**PROBLEM TO WORK ON**
Reproduce the listing word for word, leaving every picture behind.

**DATA EXTRACT**
○ ○ ○ ○

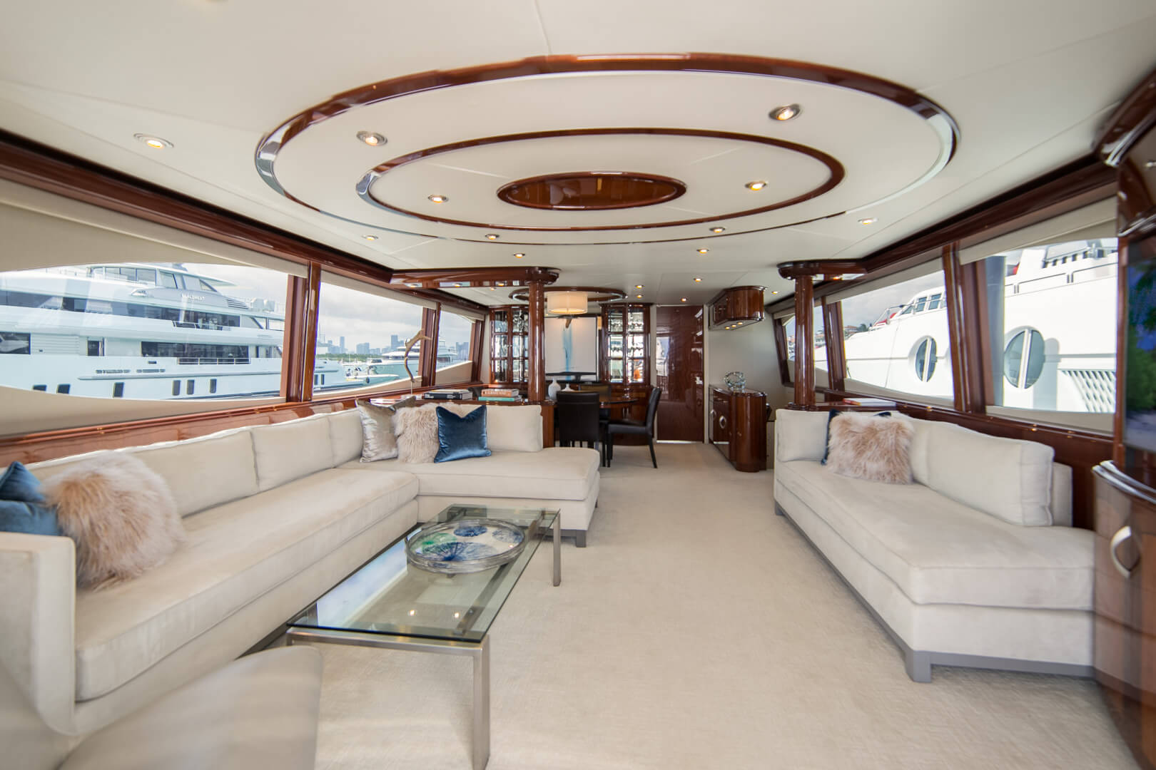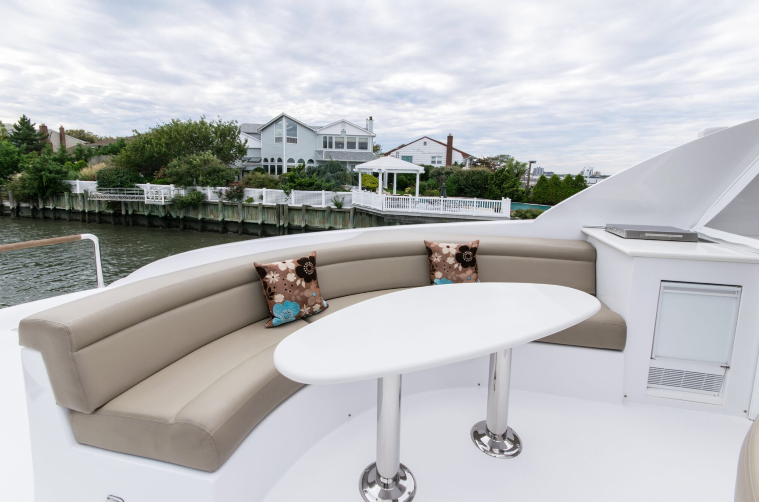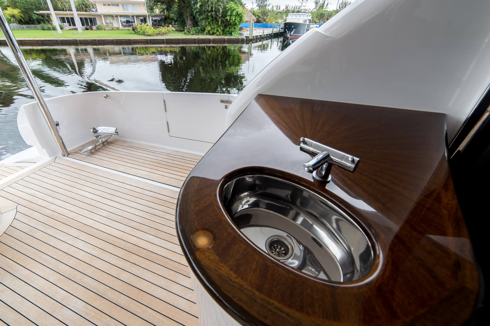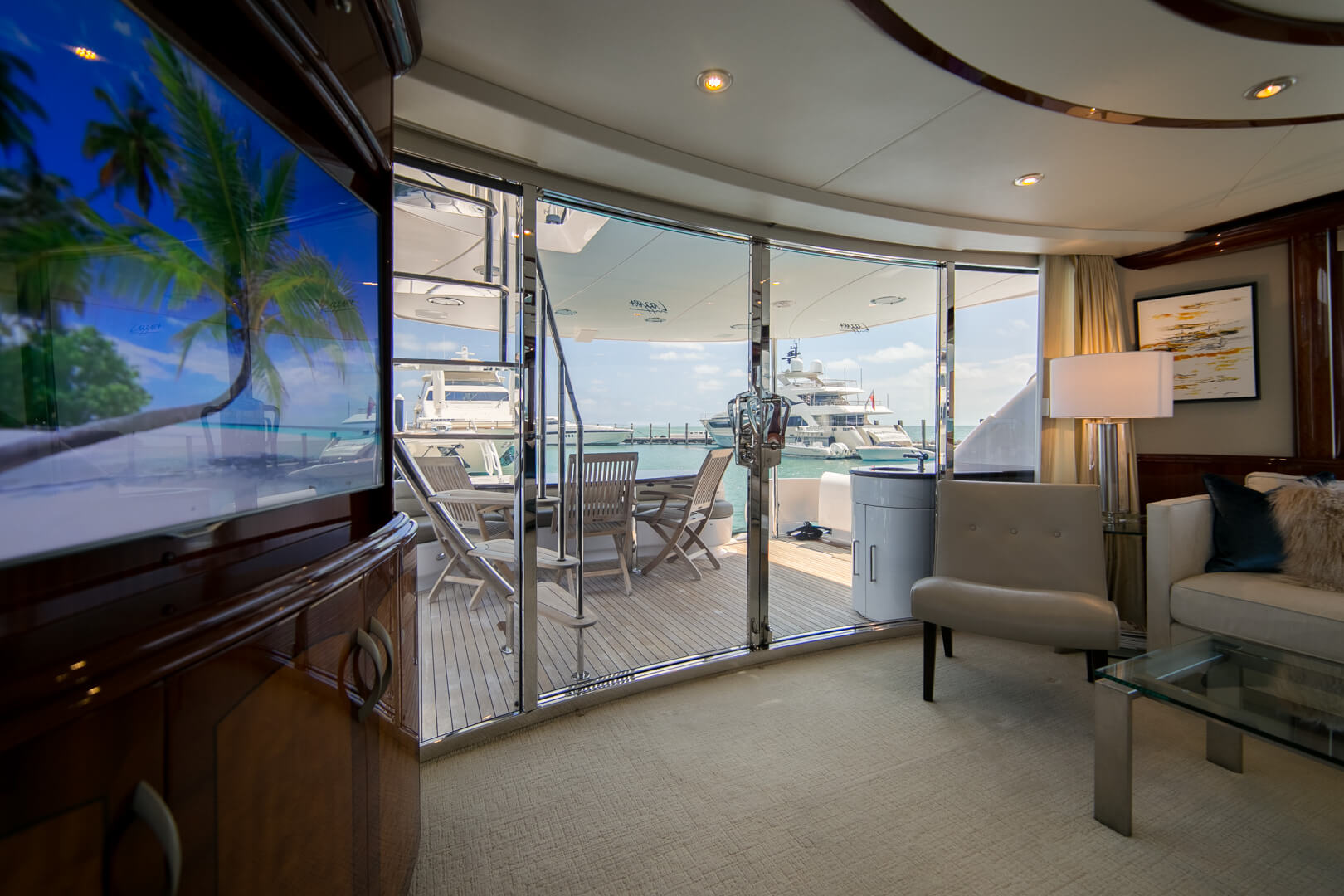 The main deck aft of MOJO features table, built in seating, and additional chairs for al fresco dining shaded by the flybridge overhang. A stairwell on the port side leads down to a swimming platform, which features hot/cold shower facilities for rinsing off after a dip in the ocean, plus easy access to the two convenient jet ski storage areas. There is also a door with access to the engine room.
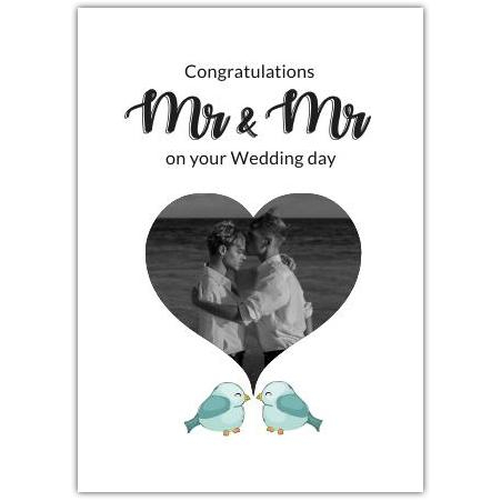 Mr and Mr Wedding Day Congratulations Card with Heart Photo and Bluebirds Design
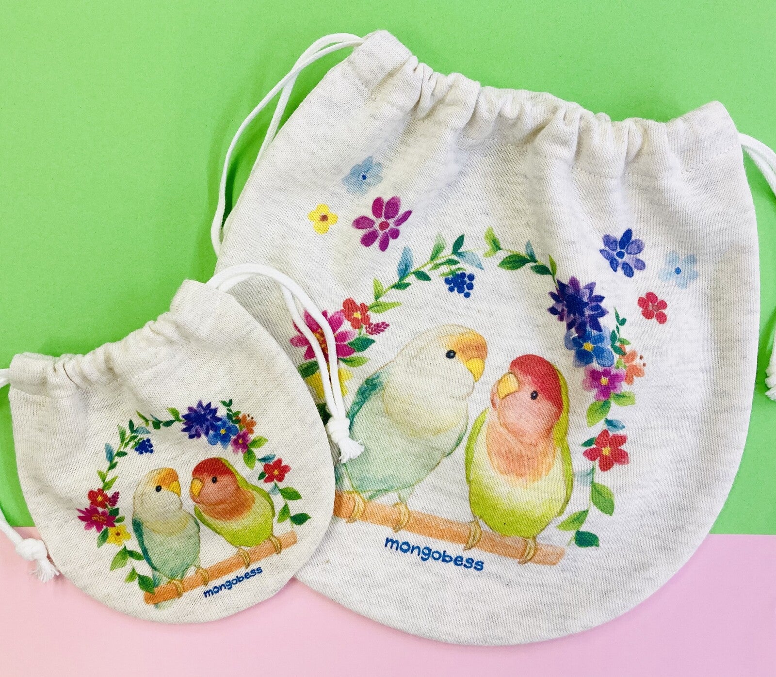 - 可愛いコザクラインコのMサイズの巾着です。

○ ○ ○ ○

**ANSWER TO THIS EXERCISE**
 The main deck aft of MOJO features table, built in seating, and additional chairs for al fresco dining shaded by the flybridge overhang. A stairwell on the port side leads down to a swimming platform, which features hot/cold shower facilities for rinsing off after a dip in the ocean, plus easy access to the two convenient jet ski storage areas. There is also a door with access to the engine room.
 Mr and Mr Wedding Day Congratulations Card with Heart Photo and Bluebirds Design
 - 可愛いコザクラインコのMサイズの巾着です。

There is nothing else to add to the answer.